It's not too late for struggling airlines to shift to new technology and cut costs, according to Paul Coby, chief information officer of British Airways. Coby, who also is chairman of the board of SITA, told delegates to SITA's Air Transport IT Summit in Brussels to take advantage of the "community model" that allows carriers to use new technologies on a per-transaction basis rather than requiring a large upfront investment.

With skyrocketing fuel costs, the airline industry is facing a crisis unlike any other, Coby said. "After 9/11, we had a big, downward spike in traffic, but it came back," he said. "This is different. There is a fundamental shift in how the industry works."

Surviving the oil crisis "will depend to an enormous extent on IT and on the CIOs who make it work in airlines," he said. "CIOs should be talking to their airlines about how IT can improve customer service and cut costs across the whole airline, rather than simply running old IT systems."

Coby said airlines should spend more on investing in new technology than in running the old. "How much you invest is not the same as how much you spend," he said.

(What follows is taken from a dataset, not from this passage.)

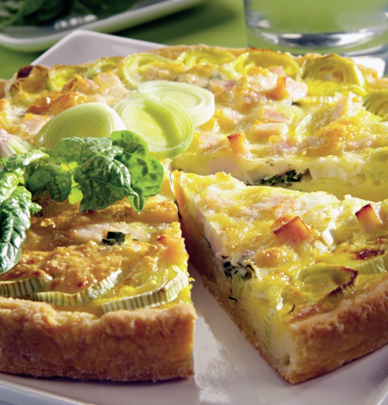 1. Aluatul se lasă la decongelat şi, între timp, prazul tăiat rondele se căleşte în unt.

Service-oriented architecture also will have "interesting effects" on the industry, Coby said. It will allow airlines to link their legacy systems, which have been written down and in many cases still work well, to new technologies.

Airlines also should be sure that they are taking advantage of direct distribution to cut costs, Coby said. Online purchasing is becoming the "default" method of buying air travel, he said.

Carriers also should be willing to be creative in cutting their costs, Coby said. For example, can an airline forgo the installation of airport self-service kiosks, which cost several thousand dollars, and instead set up a few PCs that cost a few hundred dollars each? Coby said the airline IT of the past "was focused on technology. The IT of the future will focus on processes, proposition and people." The differences between technology projects and business projects will disappear, he said. "It's the technology, stupid. It's central to everything we do."